Extracted entries →
════════════════════
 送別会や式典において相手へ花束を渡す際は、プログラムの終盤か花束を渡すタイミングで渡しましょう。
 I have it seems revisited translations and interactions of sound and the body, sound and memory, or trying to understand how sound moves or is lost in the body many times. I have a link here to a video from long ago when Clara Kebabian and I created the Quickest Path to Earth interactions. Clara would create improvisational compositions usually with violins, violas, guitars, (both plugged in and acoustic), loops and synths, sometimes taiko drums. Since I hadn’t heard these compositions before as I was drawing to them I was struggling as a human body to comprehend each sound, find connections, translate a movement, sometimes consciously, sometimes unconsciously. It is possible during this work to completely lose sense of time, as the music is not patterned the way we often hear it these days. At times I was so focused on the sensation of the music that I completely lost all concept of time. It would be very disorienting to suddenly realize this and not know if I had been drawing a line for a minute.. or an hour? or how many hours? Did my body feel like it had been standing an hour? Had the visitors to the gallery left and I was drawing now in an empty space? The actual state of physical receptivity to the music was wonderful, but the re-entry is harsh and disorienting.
════════════════════
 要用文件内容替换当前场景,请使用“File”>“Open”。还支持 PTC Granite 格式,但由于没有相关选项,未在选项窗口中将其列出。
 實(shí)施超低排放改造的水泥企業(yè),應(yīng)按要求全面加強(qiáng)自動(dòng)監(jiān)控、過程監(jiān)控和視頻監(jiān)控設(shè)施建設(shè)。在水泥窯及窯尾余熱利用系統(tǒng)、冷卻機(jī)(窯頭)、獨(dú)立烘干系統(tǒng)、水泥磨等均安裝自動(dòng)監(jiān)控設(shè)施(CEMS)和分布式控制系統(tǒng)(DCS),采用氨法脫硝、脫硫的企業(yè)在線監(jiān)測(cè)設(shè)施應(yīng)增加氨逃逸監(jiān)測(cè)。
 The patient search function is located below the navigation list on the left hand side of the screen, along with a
════════════════════
Out of the listing above, reproduce exactly the lines from the one with "送別会や式典において相手へ花" up to and including the one with "I have it seems".

Exercise output →
 送別会や式典において相手へ花束を渡す際は、プログラムの終盤か花束を渡すタイミングで渡しましょう。
 I have it seems revisited translations and interactions of sound and the body, sound and memory, or trying to understand how sound moves or is lost in the body many times. I have a link here to a video from long ago when Clara Kebabian and I created the Quickest Path to Earth interactions. Clara would create improvisational compositions usually with violins, violas, guitars, (both plugged in and acoustic), loops and synths, sometimes taiko drums. Since I hadn’t heard these compositions before as I was drawing to them I was struggling as a human body to comprehend each sound, find connections, translate a movement, sometimes consciously, sometimes unconsciously. It is possible during this work to completely lose sense of time, as the music is not patterned the way we often hear it these days. At times I was so focused on the sensation of the music that I completely lost all concept of time. It would be very disorienting to suddenly realize this and not know if I had been drawing a line for a minute.. or an hour? or how many hours? Did my body feel like it had been standing an hour? Had the visitors to the gallery left and I was drawing now in an empty space? The actual state of physical receptivity to the music was wonderful, but the re-entry is harsh and disorienting.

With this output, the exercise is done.